Graph layout on a constrained grid

Posted on 1st August 2018
by Rupert Overall

A network (or in mathematical terminology, a graph) is a collection of entities (known as nodes or vertices) connected by links (also known as edges). Many types of data can be very usefully represented by a network, which allows ease of visualisation and access to analytic tools from the field of graph theory. This post is concerned with visualisation. Specifically, the problem of how best to show the connectivity of vertices in a large graph. To better explain the problem, a little more background might be needed.

Gene correlation networks

One use of graphs/networks is to show how genes are related to each other.

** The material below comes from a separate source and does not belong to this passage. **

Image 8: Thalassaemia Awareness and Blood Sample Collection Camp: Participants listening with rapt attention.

The nature of the connections between genes can be varied, but it is common to depict two genes as connected if they share similar transcript expression patterns. This is what the example data here will be based on. Thus, the vertices of the network are genes, and the edges are the correlation between the transcript expression pattern of the two connected genes. If the correlation is very strong, the two genes should be drawn close together in the ideal graph; genes less correlated are further apart. Using this simple rule, a graph can be drawn like this. A simple graph with vertices (the circles) connected by edges (the lines).

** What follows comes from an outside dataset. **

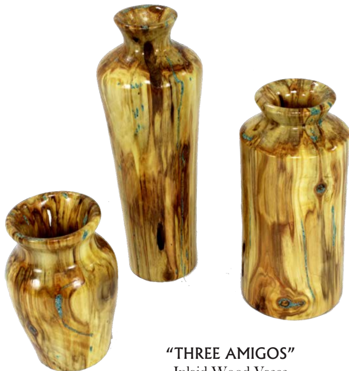
"THREE AMIGOS" Inlaid Wood Vases Aspen with Turquoise Inlay 11.5 in. x 4 in, 9 in. x 4 in, 6 in. x 4 in.
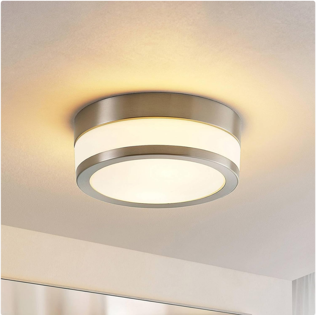
Image: The Lindby Flavi ceiling light, showcasing its modern design and warm illumination in a bathroom setting.

When applied to the c. 20000 transcripts in the whole genome, however, the network looks more like this. Network percolation

When a particular gene of interest is studied, it is interesting to know which other genes it is similar to. This can be done by identifying its ‘neighbours’ in the network; i.e. those genes which are correlated/connected above some threshold value. The influence of the gene of interest can be further traced by looking at the 2nd-level neighbours (in other words, friends-of-friends). This concept can continue to 3rd-level, 4th-level and so on until all of the (reachable) vertices in the network have been accounted for. I note that this covers the reachable extent of the network; some vertices are not connected to each other by any path through any edges and thus exist in disjoint subnetworks. Obviously a signal can never percolate from one unconnected subnetwork to another.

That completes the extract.